Ray Wenzel of Bellflower has hunted on the island since the mid-’60s.

“Turkey, buffalo, pigs, everything they’ll let us shoot at,” he said. “One of the most elusive game I’ve hunted out here is turkey. It was the fifth year before I got one. We’ve even hunted peacock. You’d think they’d be easy, but they’re not.”

Wenzel pulls out his wallet to show a picture of a rare, spiral-horned black buck antelope he bagged on the island several years ago--one of the exotic animals imported when William Wrigley Jr. had thoughts about making the island a game ranch.

Advertisement

The Bombards’ two pickup trucks are rigged like safari wagons, with roll bars across the bed so hunters can stand and scout the terrain as they move along the roads. They hunt nowhere near Avalon or any other populated area, and rifle hunts are conducted only on weekdays, when there are fewer visitors to the island.

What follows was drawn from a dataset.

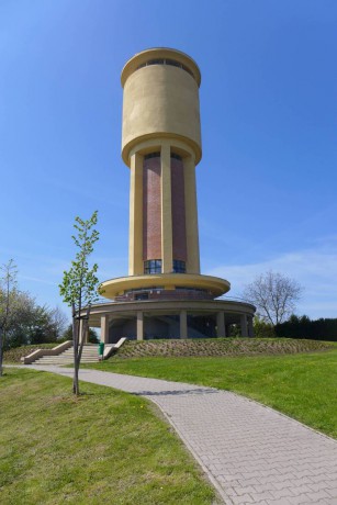 Věžový vodojem v Kolíně vysoký 45 metrů, jehož nádrž má objem 450 m³, byl postaven v letech 1928-30 stavební firmou Ing. Dr. Františka Uhra z Peček, řemeslné práce byly zadány místním živnostníkům.
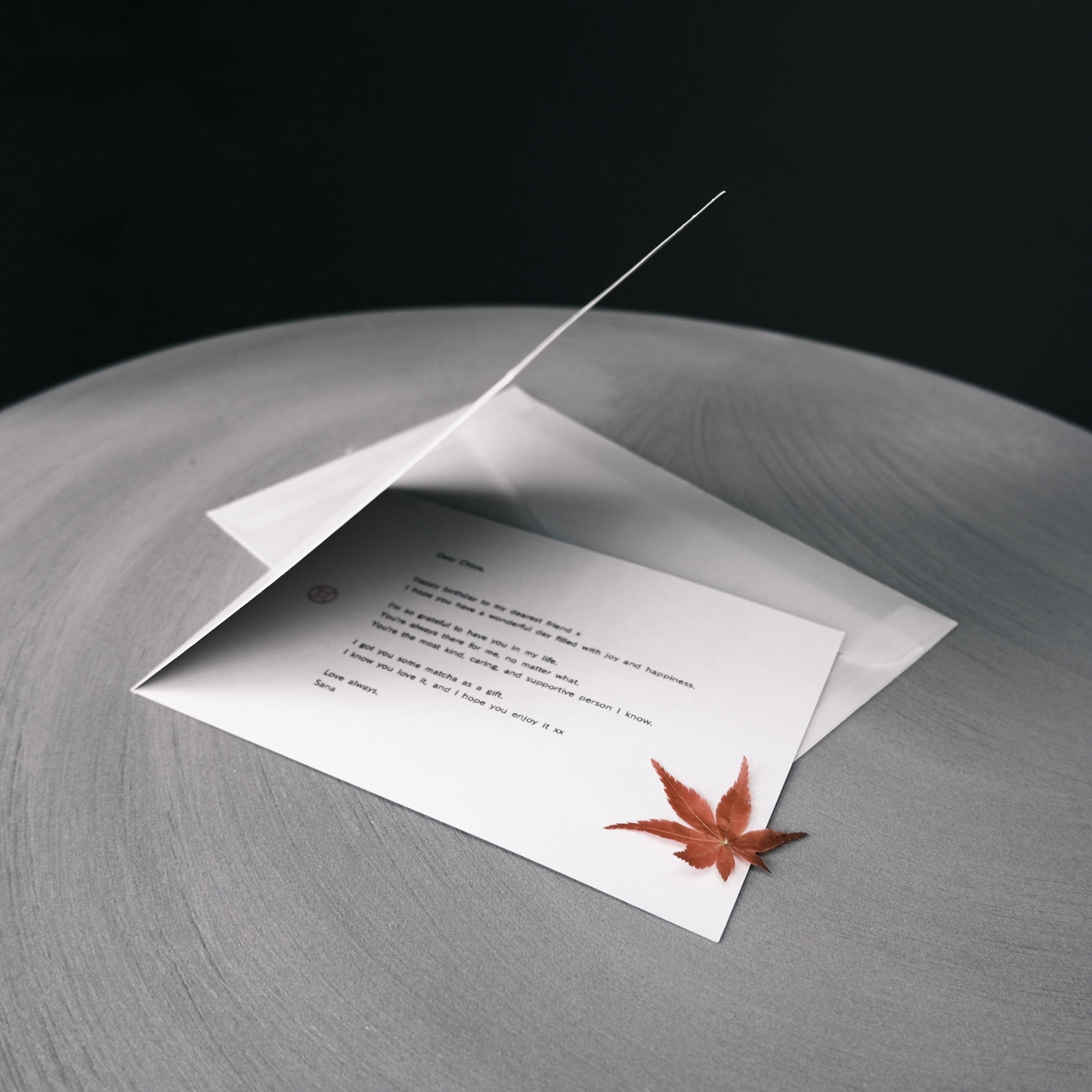 |こちらのカードはご自身でカードを書きたい方に最適です。他の商品と同様に封入してお届けします(写真はギフトオプションの印刷サンプルで、こちらはメッセージはない状態でお届けします)

Wenzel’s hunting companions are his wife, Terry, and friend Stan Kurtz of Whittier. For a while, they alternately drive the roads and walk game trails through the brush and cactus. Wenzel chews on an unlit cigar while throwing rocks into cover where deer might be resting.

Because the deer have no natural predators and are not heavily hunted, they are not easily spooked, and in the heat of the day they are all bedded down. It isn’t until the canyons are in shadow that the first one is seen emerging from beneath some scrub oaks.

It is a handsome buck, with forked antlers, moving across the opposite side of a canyon about 150 yards away. Because Terry Wenzel has never taken a deer, she will get the first shot. She steps out of the cab and off the road, loads and waits.

Soon the buck turns downhill and notices the hunters on the opposite side. He stands transfixed, facing them head-on. The shot is perfect, through the breast and into the heart.

A member of the other hunting party will shoot a doe, and Peterson will lead Kurtz to a spiked buck the next morning. Bombard expects the hunter success rate to be nearly 70% this year, down about 10% from most years.

Advertisement

“The drought has slowed down reproduction,” he said. “But there are still canyons we can spotlight at night and see 60 deer.”

That, to Propst, seems manageable.

“To carry forward our purposes, we have to have real tight control so we can have native plants restored, our watershed restored, stop the erosion. It’s a delicate balance. But it’s working.”